▶ Task requirements: The records below need to be repeated exactly, with every picture left out.

▶ Data for the task:

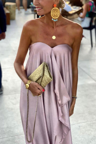 Voletter Chic Solid Chest Wrap Off Shoulder Sleeveless Long Party Dress
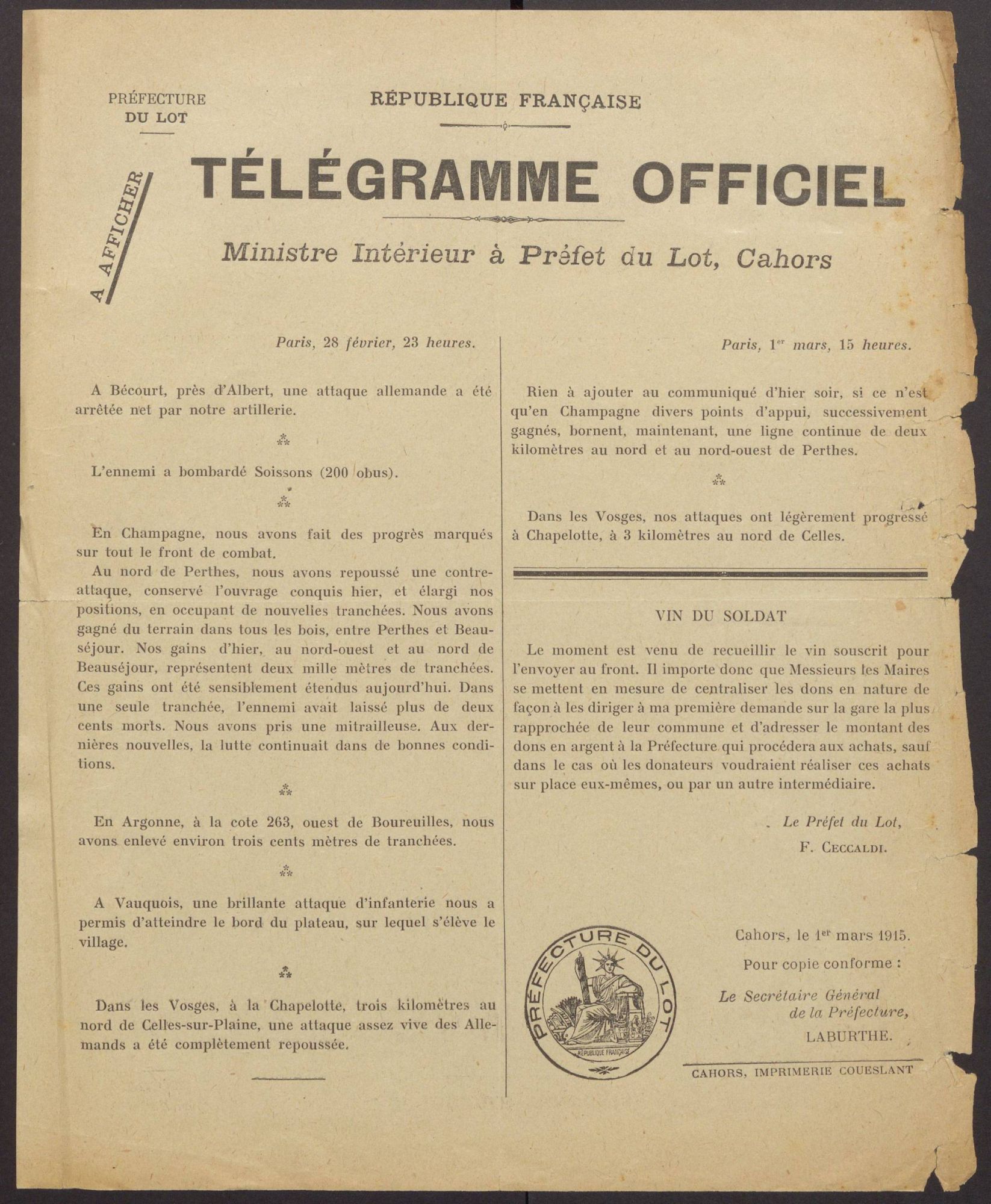 | Documents utilisés à télécharger ci-contre | Notes communales manuscrites de l’institutrice de Frayssinhes, datées du 24 mai 1915 Notes communales manuscrites de l’instituteur de Tour-de-Faure, envoyées le 28 avril 1916. Rapport journalier manuscrit du préfet François Ceccaldi sur la situation du département du Lot au début de la Première Guerre mondiale, pour la période du 2 août au 3 septembre 1914. Télégramme du ministre de l’Intérieur adressé au préfet du Lot le 1er mars 1915. Courrier du Ministère de la guerre daté du 25 février 1915 concernant les réquisitions de blé. |
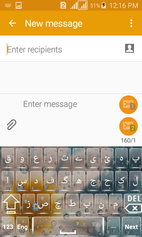 Water Drop Urdu KeyBoard is specially design for those people who want to write text sms in urdu and english.it helping you to write funny sms or poetry
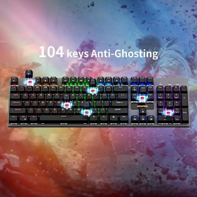 The Newmen GM325Pro mechanical keyboard combines durability, style, and performance in a full size 104key design. Featuring a metal top plate, hotswappable linear red switches, and doubleshot keycaps, it offers smooth keystrokes and longlasting reliability. Enjoy 13 rainbow LED effects with RGB sideedge lighting, detachable USB connectivity, fullkey rollover, and FN shortcuts. Custom software lets you remap keys, create macros, and personalize lighting, making this wired gaming keyboard perfect for both work and play.
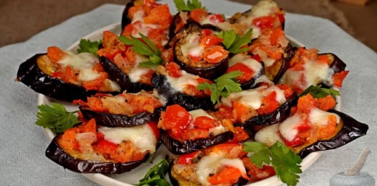 Простая, при этом эффектная закуска. Запечённые баклажаны с обжаренными овощами дополняются моцареллой, и всё доводится до совершенства в духовке. Острый перец и чеснок придают пикантность, сыр аппетитно плавится… Очень вкусно!
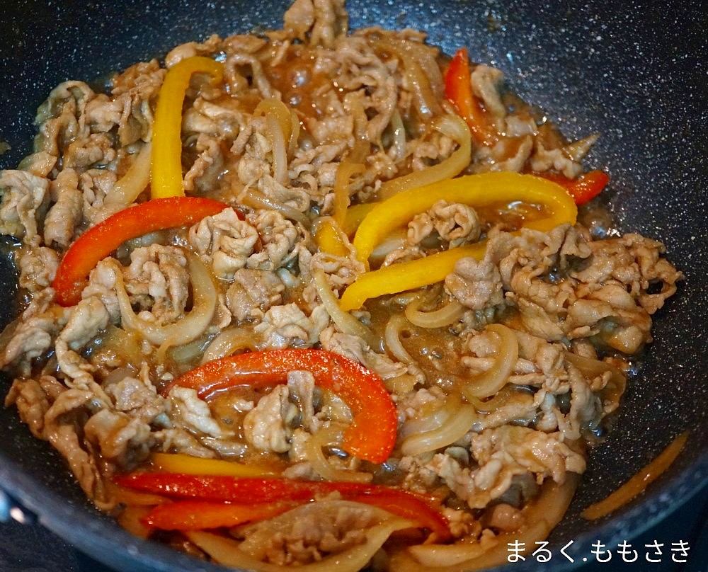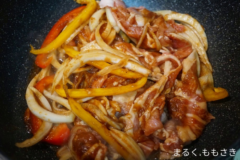 2パック買って作る時に、パックの中に豚肉を広げ上に野菜を乗せ焼き肉のたれなどを入れラップで覆い、冷蔵庫で保存した後焼いたのと、
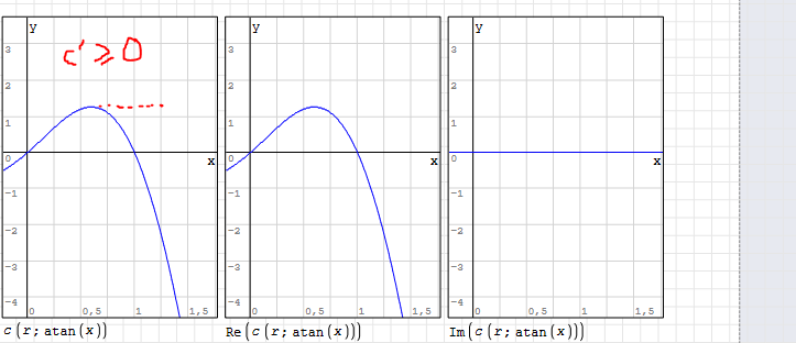 WroteThe plots of N.γ(0.9,atan(x)) and N.γ(0.95,atan(x)) has an odd shape when they approach x=1. It turns out there are some complex solutions in this area.
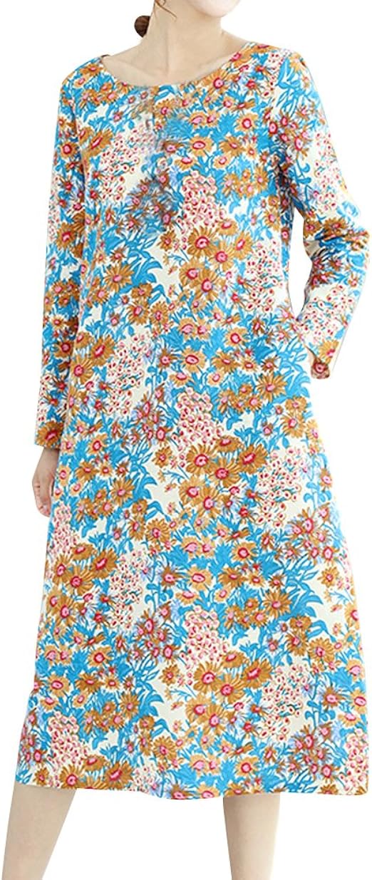 Geilisungren Damen Casual Rundhals Langarm Maxikleid Polka Dots Patchwork Knopf Tasche Lose Baumwolle Leinen Kleider Grosse Grossen Lang Tunika Tshirt Kleid Amazon De Bekleidung
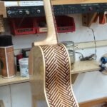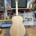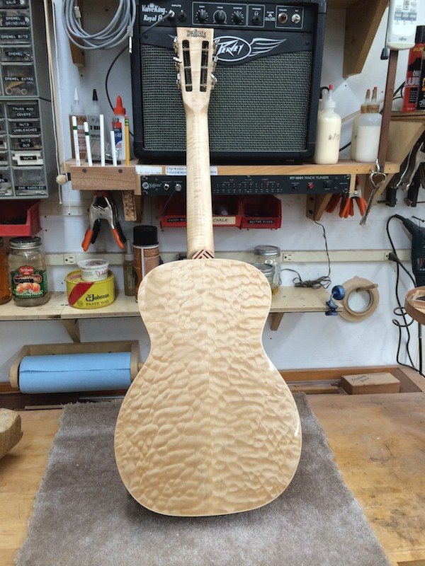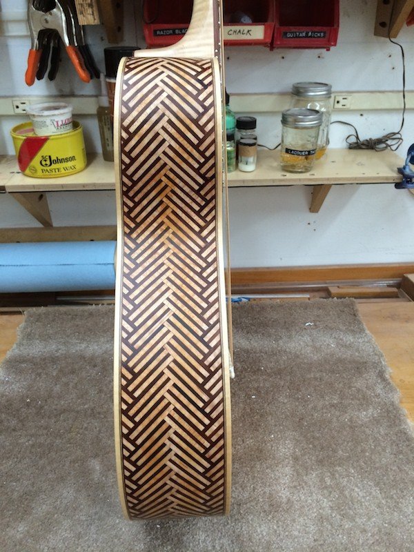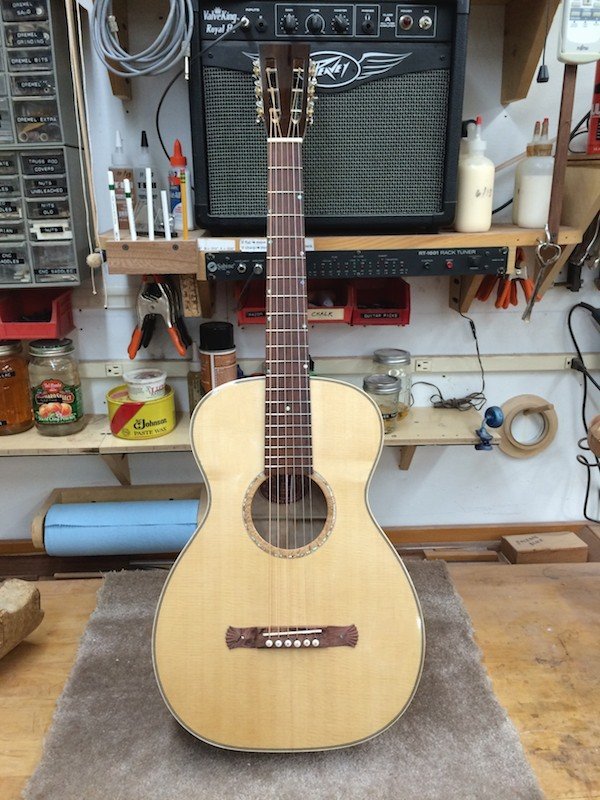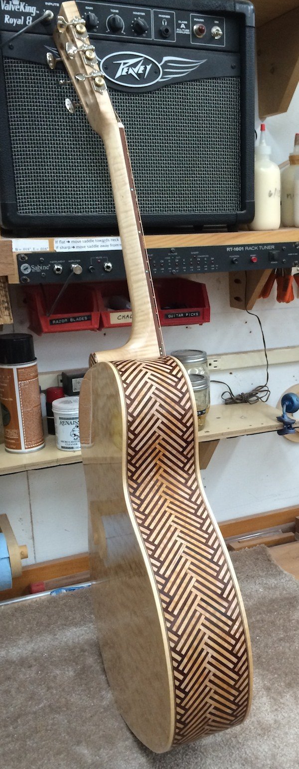 Many of the early instruments featured this type of construction (multi-wood construction) so here is my take on it! The guitar is loud and very sweet sounding. I must admit that I never expected it to sound so good with the unusual wood combination and side material.
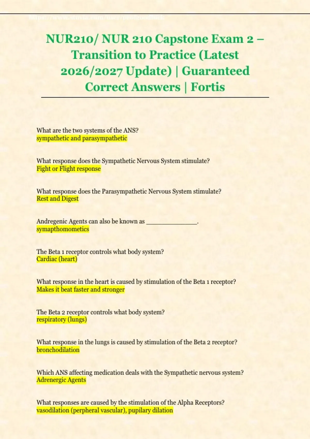 NUR210/ NUR 210 Capstone Exam 2 –
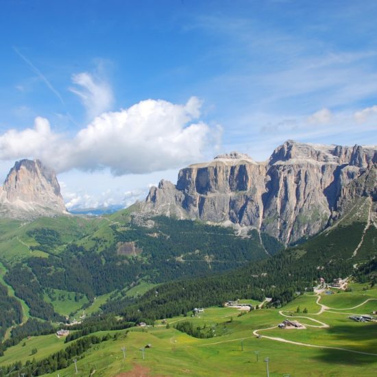 Mattina escursione al Passo Pordoi con visita del monumento a Fausto Coppi e comoda passeggiata fra i prati fino al Sacrario dei Caduti austro-ungarici e germanici delle ultime due Guerre Mondiali. Potremo ammirare il versante orientale del Passo con i paesi di Livinallongo e Arabba che si trovano nella regione del Veneto. Chi lo desidera può salire in funivia ai 2950 metri del Sass Pordoi. Pranzo al sacco (2 panini farciti, insalata di riso, frutto e acqua minerale) fornito dall’hotel e rientro nel primo pomeriggio.
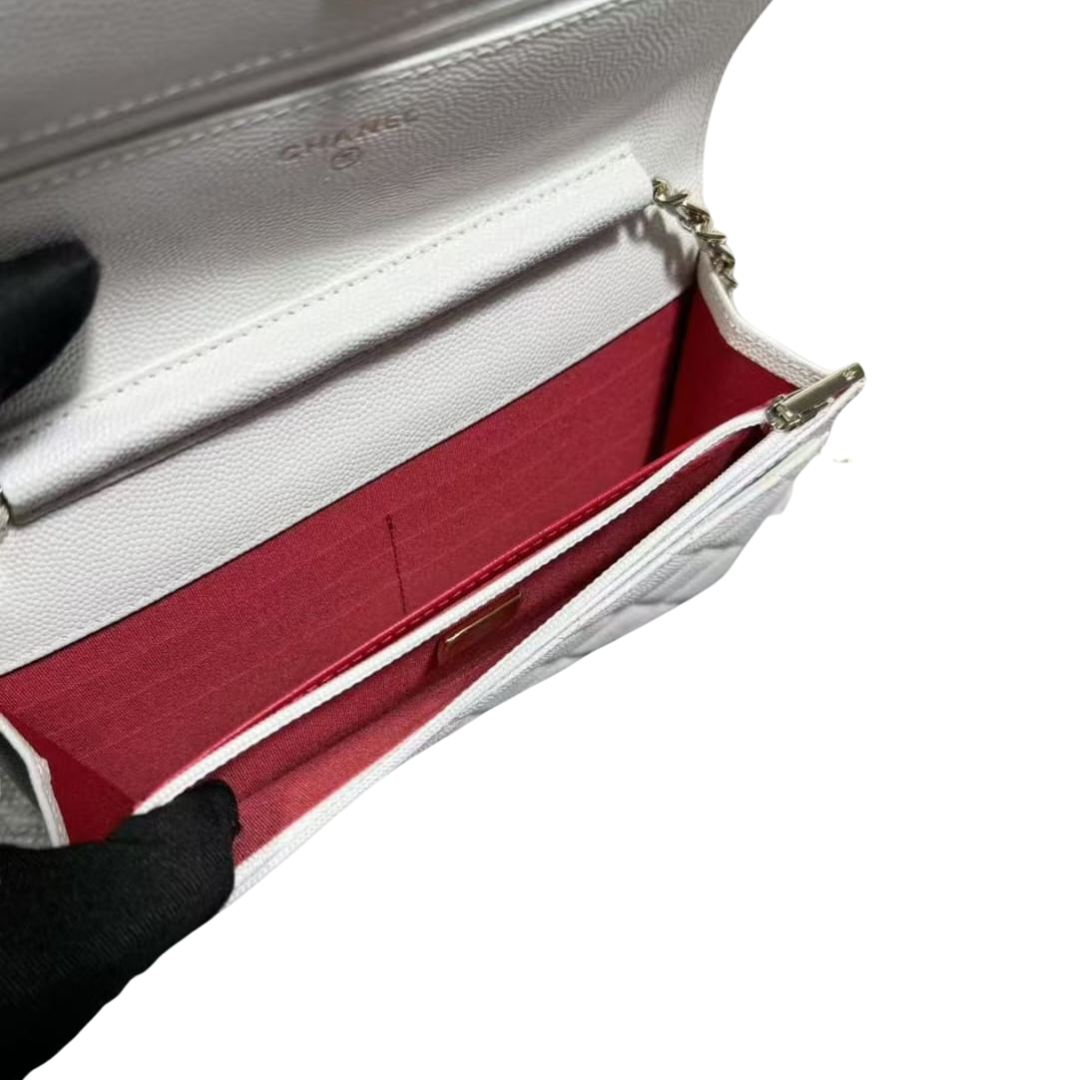Pre-Owned Authentic Lambskin Quilted CC Pearl Crush Wallet on Chain WOC White

▶ Answer space:
 Voletter Chic Solid Chest Wrap Off Shoulder Sleeveless Long Party Dress
 | Documents utilisés à télécharger ci-contre | Notes communales manuscrites de l’institutrice de Frayssinhes, datées du 24 mai 1915 Notes communales manuscrites de l’instituteur de Tour-de-Faure, envoyées le 28 avril 1916. Rapport journalier manuscrit du préfet François Ceccaldi sur la situation du département du Lot au début de la Première Guerre mondiale, pour la période du 2 août au 3 septembre 1914. Télégramme du ministre de l’Intérieur adressé au préfet du Lot le 1er mars 1915. Courrier du Ministère de la guerre daté du 25 février 1915 concernant les réquisitions de blé. |
 Water Drop Urdu KeyBoard is specially design for those people who want to write text sms in urdu and english.it helping you to write funny sms or poetry
 The Newmen GM325Pro mechanical keyboard combines durability, style, and performance in a full size 104key design. Featuring a metal top plate, hotswappable linear red switches, and doubleshot keycaps, it offers smooth keystrokes and longlasting reliability. Enjoy 13 rainbow LED effects with RGB sideedge lighting, detachable USB connectivity, fullkey rollover, and FN shortcuts. Custom software lets you remap keys, create macros, and personalize lighting, making this wired gaming keyboard perfect for both work and play.
 Простая, при этом эффектная закуска. Запечённые баклажаны с обжаренными овощами дополняются моцареллой, и всё доводится до совершенства в духовке. Острый перец и чеснок придают пикантность, сыр аппетитно плавится… Очень вкусно!
 2パック買って作る時に、パックの中に豚肉を広げ上に野菜を乗せ焼き肉のたれなどを入れラップで覆い、冷蔵庫で保存した後焼いたのと、
 WroteThe plots of N.γ(0.9,atan(x)) and N.γ(0.95,atan(x)) has an odd shape when they approach x=1. It turns out there are some complex solutions in this area.
 Geilisungren Damen Casual Rundhals Langarm Maxikleid Polka Dots Patchwork Knopf Tasche Lose Baumwolle Leinen Kleider Grosse Grossen Lang Tunika Tshirt Kleid Amazon De Bekleidung
 Many of the early instruments featured this type of construction (multi-wood construction) so here is my take on it! The guitar is loud and very sweet sounding. I must admit that I never expected it to sound so good with the unusual wood combination and side material.
 NUR210/ NUR 210 Capstone Exam 2 –
 Mattina escursione al Passo Pordoi con visita del monumento a Fausto Coppi e comoda passeggiata fra i prati fino al Sacrario dei Caduti austro-ungarici e germanici delle ultime due Guerre Mondiali. Potremo ammirare il versante orientale del Passo con i paesi di Livinallongo e Arabba che si trovano nella regione del Veneto. Chi lo desidera può salire in funivia ai 2950 metri del Sass Pordoi. Pranzo al sacco (2 panini farciti, insalata di riso, frutto e acqua minerale) fornito dall’hotel e rientro nel primo pomeriggio.
Pre-Owned Authentic Lambskin Quilted CC Pearl Crush Wallet on Chain WOC White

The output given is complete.